* ASSIGNMENT *
When you transcribe the lines below, keep every word the same and leave the pictures behind.

* COLLECTED MATERIAL *

========================

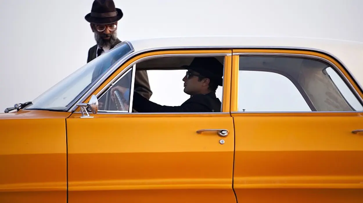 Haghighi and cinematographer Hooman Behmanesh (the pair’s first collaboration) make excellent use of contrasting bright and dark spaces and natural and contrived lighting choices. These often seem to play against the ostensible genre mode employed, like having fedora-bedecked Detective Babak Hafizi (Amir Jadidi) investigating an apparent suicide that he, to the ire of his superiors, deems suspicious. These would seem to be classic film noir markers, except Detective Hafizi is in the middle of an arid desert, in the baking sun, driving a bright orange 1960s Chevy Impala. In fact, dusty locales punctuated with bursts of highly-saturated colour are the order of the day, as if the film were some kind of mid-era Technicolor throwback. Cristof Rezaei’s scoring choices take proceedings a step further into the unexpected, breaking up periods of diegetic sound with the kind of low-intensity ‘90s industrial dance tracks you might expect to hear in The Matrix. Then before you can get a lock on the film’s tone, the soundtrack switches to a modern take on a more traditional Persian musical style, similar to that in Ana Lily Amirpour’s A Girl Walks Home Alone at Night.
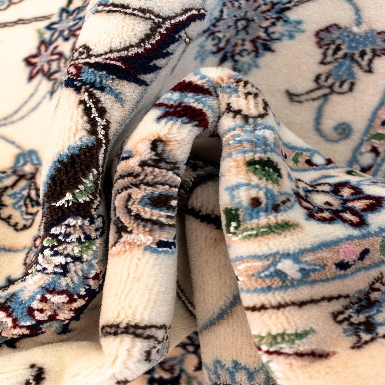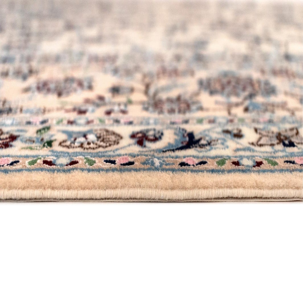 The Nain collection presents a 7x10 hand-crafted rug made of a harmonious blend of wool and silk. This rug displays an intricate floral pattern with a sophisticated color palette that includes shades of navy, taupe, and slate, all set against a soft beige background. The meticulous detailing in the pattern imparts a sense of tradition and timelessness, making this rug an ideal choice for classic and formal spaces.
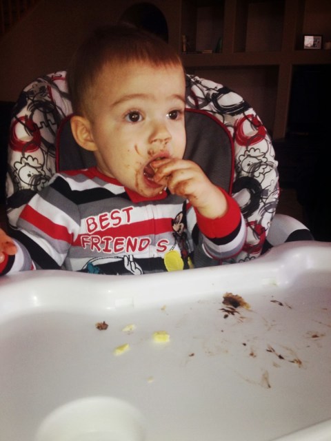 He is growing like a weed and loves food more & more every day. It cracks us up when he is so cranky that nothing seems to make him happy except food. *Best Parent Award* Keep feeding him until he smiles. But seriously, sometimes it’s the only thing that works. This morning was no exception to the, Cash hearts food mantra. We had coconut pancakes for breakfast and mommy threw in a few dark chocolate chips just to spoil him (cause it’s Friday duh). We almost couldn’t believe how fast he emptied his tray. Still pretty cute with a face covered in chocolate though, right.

========================

* TASK RESPONSE *
 Haghighi and cinematographer Hooman Behmanesh (the pair’s first collaboration) make excellent use of contrasting bright and dark spaces and natural and contrived lighting choices. These often seem to play against the ostensible genre mode employed, like having fedora-bedecked Detective Babak Hafizi (Amir Jadidi) investigating an apparent suicide that he, to the ire of his superiors, deems suspicious. These would seem to be classic film noir markers, except Detective Hafizi is in the middle of an arid desert, in the baking sun, driving a bright orange 1960s Chevy Impala. In fact, dusty locales punctuated with bursts of highly-saturated colour are the order of the day, as if the film were some kind of mid-era Technicolor throwback. Cristof Rezaei’s scoring choices take proceedings a step further into the unexpected, breaking up periods of diegetic sound with the kind of low-intensity ‘90s industrial dance tracks you might expect to hear in The Matrix. Then before you can get a lock on the film’s tone, the soundtrack switches to a modern take on a more traditional Persian musical style, similar to that in Ana Lily Amirpour’s A Girl Walks Home Alone at Night.
 The Nain collection presents a 7x10 hand-crafted rug made of a harmonious blend of wool and silk. This rug displays an intricate floral pattern with a sophisticated color palette that includes shades of navy, taupe, and slate, all set against a soft beige background. The meticulous detailing in the pattern imparts a sense of tradition and timelessness, making this rug an ideal choice for classic and formal spaces.
 He is growing like a weed and loves food more & more every day. It cracks us up when he is so cranky that nothing seems to make him happy except food. *Best Parent Award* Keep feeding him until he smiles. But seriously, sometimes it’s the only thing that works. This morning was no exception to the, Cash hearts food mantra. We had coconut pancakes for breakfast and mommy threw in a few dark chocolate chips just to spoil him (cause it’s Friday duh). We almost couldn’t believe how fast he emptied his tray. Still pretty cute with a face covered in chocolate though, right.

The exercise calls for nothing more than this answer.